What is tolerable or enjoyable work depends on what you are accustomed to and
other factors. Would you rather clean toilets, deal with an irate customer, be
on a rooftop in the summer sun, be on an open platform ten stories in the air,
or wade in some unknown sludge? Some people have issues with a different
subset of those than others, so there isn't a strict ordering.

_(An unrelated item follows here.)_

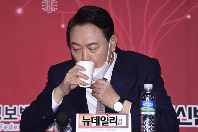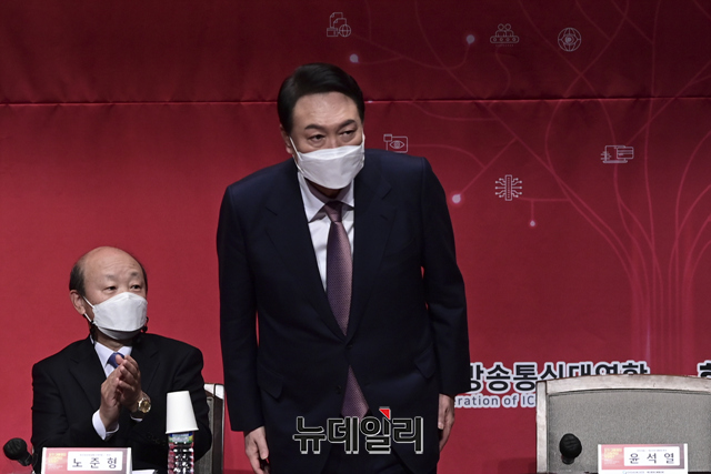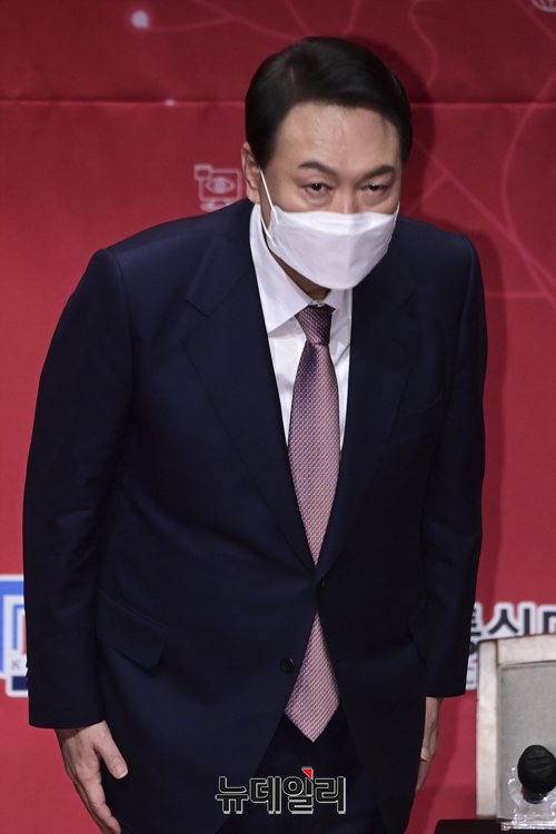 윤석열 국민의힘 대선후보가 28일 오후 서울 마포구 누리꿈스퀘어에서 '차기 대통령의 디지털혁신 방향은?' 주제로 진행된 벤처 ICT 혁신 전략 토론회에서 인사를 하고 있다.

My point was that it's odd to me to hold being a janitor up as some kind of
extreme end of a spectrum. It's not what you do when all else fails. It's not
the thing that people with no skills and no experience are automatically
assigned to.

However, if a day labor place sends someone to sweep up a warehouse, I
wouldn't call that being a janitor. Maybe some would.

------
rogerkirkness
Realizing that diligence was a middle class status signaling value that did
not apply in capital class circles was an interesting lesson. Elon Musk
constantly talks about how you have to work twice as much as other people,
where as Jeff Bezos is pretty open about going in for about 6-7 hours a day.
Who is right? The answer is either one, they have different values, that hard
work is subjective, and that you should just do what you want and what works.
Hard work is the original virtue signaling in a growth economy. It says, I'm
important, I'm needed, etc. But in practice it often means diligence which is
often not correlated to effectiveness in most (not all) fields of knowledge
work.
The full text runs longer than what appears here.